## Task
Return the run of lines below that opens with the line containing "2.מסדרים על תבנית" and closes with the line containing "Breaking free, we", keeping each one exact.

## Records supplied
◆ ◆ ◆ ◆ ◆
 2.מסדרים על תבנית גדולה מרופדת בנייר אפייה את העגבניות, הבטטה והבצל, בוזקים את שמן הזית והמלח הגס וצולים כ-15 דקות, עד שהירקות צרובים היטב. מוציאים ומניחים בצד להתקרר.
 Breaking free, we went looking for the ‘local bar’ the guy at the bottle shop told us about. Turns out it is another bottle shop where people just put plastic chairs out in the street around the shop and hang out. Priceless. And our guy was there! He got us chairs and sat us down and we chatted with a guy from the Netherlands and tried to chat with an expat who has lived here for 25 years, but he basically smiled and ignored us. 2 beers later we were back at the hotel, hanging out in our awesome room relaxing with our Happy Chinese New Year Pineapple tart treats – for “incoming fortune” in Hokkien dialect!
◆ ◆ ◆ ◆ ◆
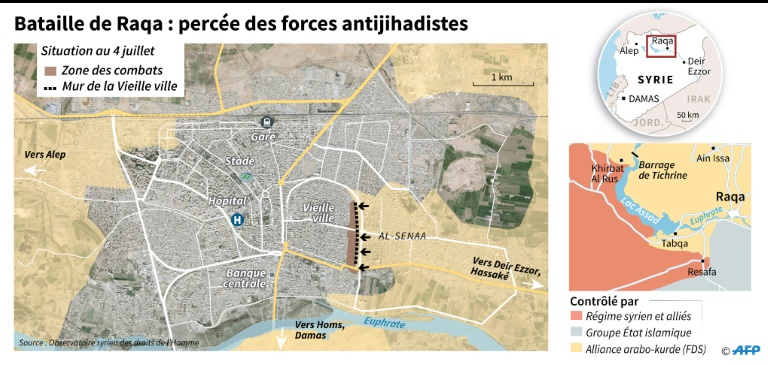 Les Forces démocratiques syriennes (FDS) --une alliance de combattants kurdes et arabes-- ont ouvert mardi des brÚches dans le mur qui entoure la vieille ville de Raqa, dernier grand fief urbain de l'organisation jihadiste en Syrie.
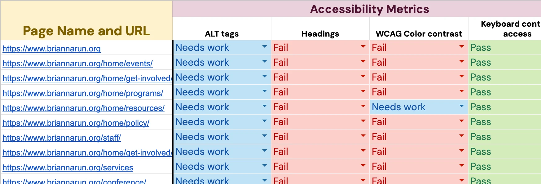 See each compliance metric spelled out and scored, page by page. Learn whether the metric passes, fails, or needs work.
◆ ◆ ◆ ◆ ◆
## Result below
 2.מסדרים על תבנית גדולה מרופדת בנייר אפייה את העגבניות, הבטטה והבצל, בוזקים את שמן הזית והמלח הגס וצולים כ-15 דקות, עד שהירקות צרובים היטב. מוציאים ומניחים בצד להתקרר.
 Breaking free, we went looking for the ‘local bar’ the guy at the bottle shop told us about. Turns out it is another bottle shop where people just put plastic chairs out in the street around the shop and hang out. Priceless. And our guy was there! He got us chairs and sat us down and we chatted with a guy from the Netherlands and tried to chat with an expat who has lived here for 25 years, but he basically smiled and ignored us. 2 beers later we were back at the hotel, hanging out in our awesome room relaxing with our Happy Chinese New Year Pineapple tart treats – for “incoming fortune” in Hokkien dialect!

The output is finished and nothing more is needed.